The volunteer fire stations were central to the social structure of the communities around them. They were used as meeting places, fundraisers, polling places, emergency shelters and always available to the communities they served.

Volunteer firefighter companies with fire sirens have been central to communities across America. Many have evolved into sophisticated, all-paid, professional fire departments but many still exist as proud, competent, volunteer fire companies. Although East Fork has evolved into a predominantly paid professional department they still have a volunteer component.

When I started as East Fork fire chief 40 years ago the district firefighting force was all volunteer. Each volunteer organization was an independent, corporate entity, not part of county government. They included: Douglas County Engine Company (Minden); Gardnerville VFD; Genoa VFD; Sheriden VFD; Ranchos VFD,; Johnson Lane VFD; Topaz Lake VFD; Topaz Ranch Estates VFD; Ruhenstroth VFD; Jack’s Valley VFD (NDF) andFish Springs.

These separate VFDs worked together to support each other. They responded to each other’s emergencies, always working as a team.

At one point during my career with East Fork the Dresslerville community approached me and asked to be part of the Ranchos VFD. Native Americans training and responding side by side as proud volunteer firefighters. The district volunteer fire chiefs agreed to provide the Dresslerville community a fire engine of their own. It was refurbished and equipped with hose nozzles, fittings and all that is needed to fight a fire.

To sum up the current fire siren issue, the siren was established before the advent of radio activated pagers, for the sole purpose of summoning firefighters in the time of emergency.

The noon and 6 p.m. burst was a test of the reliability of the system required by the insurance industry that sets our fire insurance rates.

Any other baggage that has been attached to meaning of our fire siren is just that, baggage.

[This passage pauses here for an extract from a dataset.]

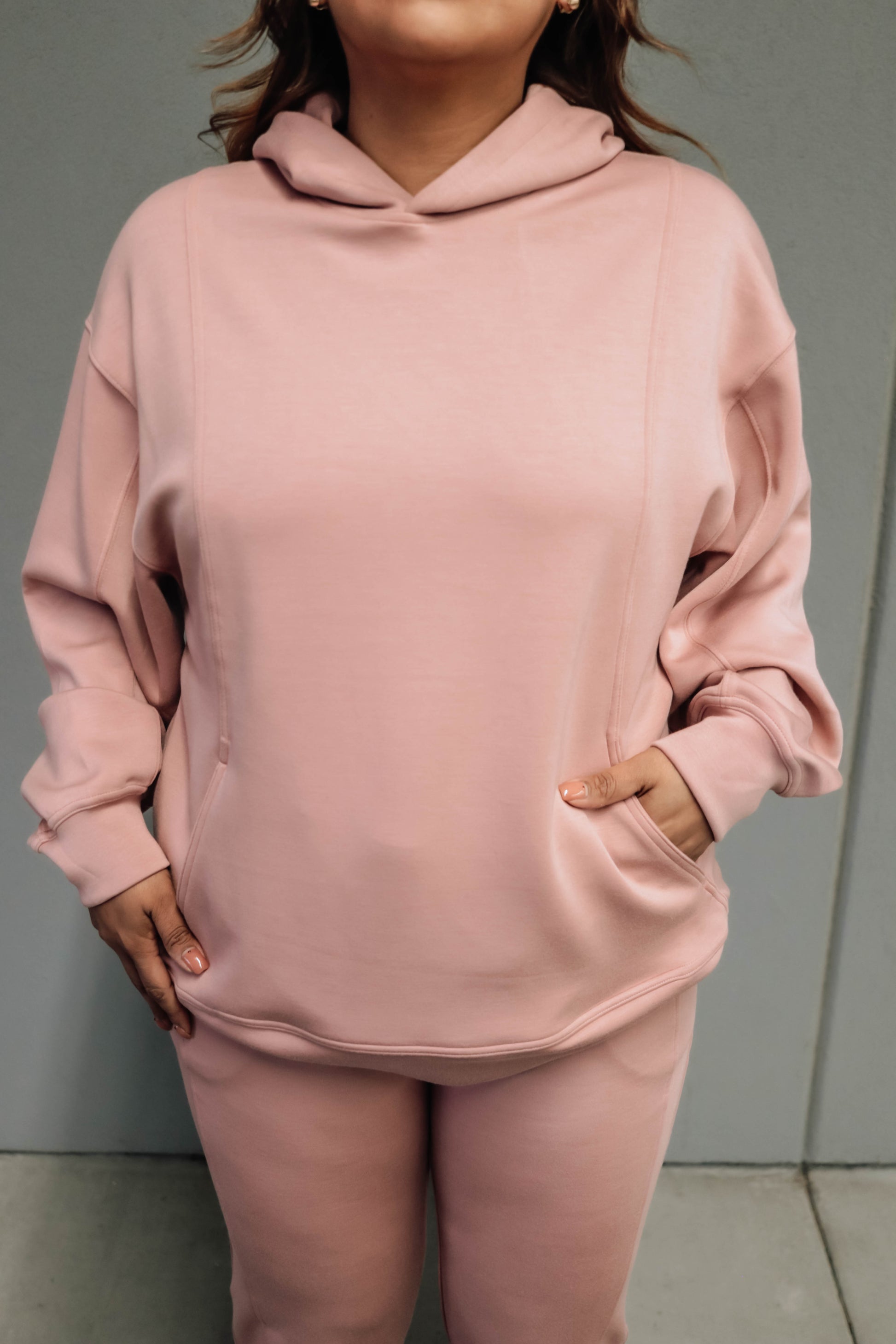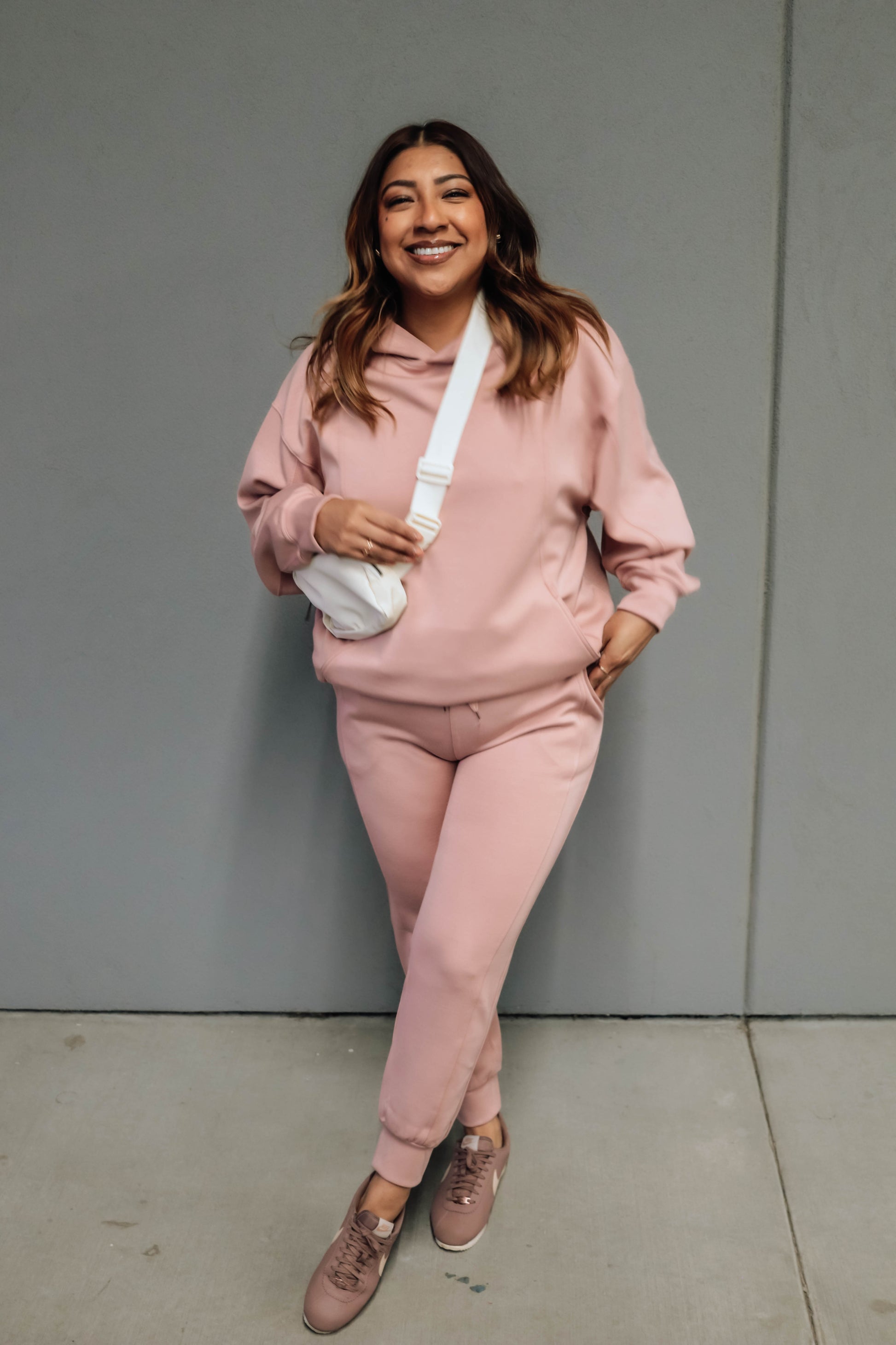 Your new favorite set has landed. Our Naomi Ultra Comfy Set is where style meets ultimate comfort. This sporty-chic set features a luxuriously soft scuba hoodie paired with matching joggers in a beautiful blush tone. The signature scuba neckline adds a touch of sophistication while the plush fabric invites you to stay comfortable all day long. Perfect for everything from casual outings to cozy nights in, this set delivers in every way.

Baggage that has nothing to do with the original intent and use of the siren.

I consider the noon and 6 p.m. burst of the siren a proud tribute to all firefighters everywhere.

Let’s save the tradition. Do not turn off the Minden siren.

Bill Driscoll

Minden

Mails are a mess

Editor:

In July I mailed a letter from Gardnerville to Genoa. It took 16 days to get there.

On July 16 a utility mailed me my July invoice due on Aug. 8. It arrived on Aug. 13.

In the last two years I have had a number of letters that took up to a month to arrive at my home. It’s common on our block for mail to be placed in the wrong box. Good way to meet the neighbors as you swap mail. After 10 years in my house almost weekly I get mail for the previous couple that use to live in our house.

So how is a mail-in ballot going to work? Also now harvesting ballots is legal?

Wow that really makes for a corrupt election possibility in our state. It’s OK to go shopping, go to a casino, or pot shop but we cant go to a polling place?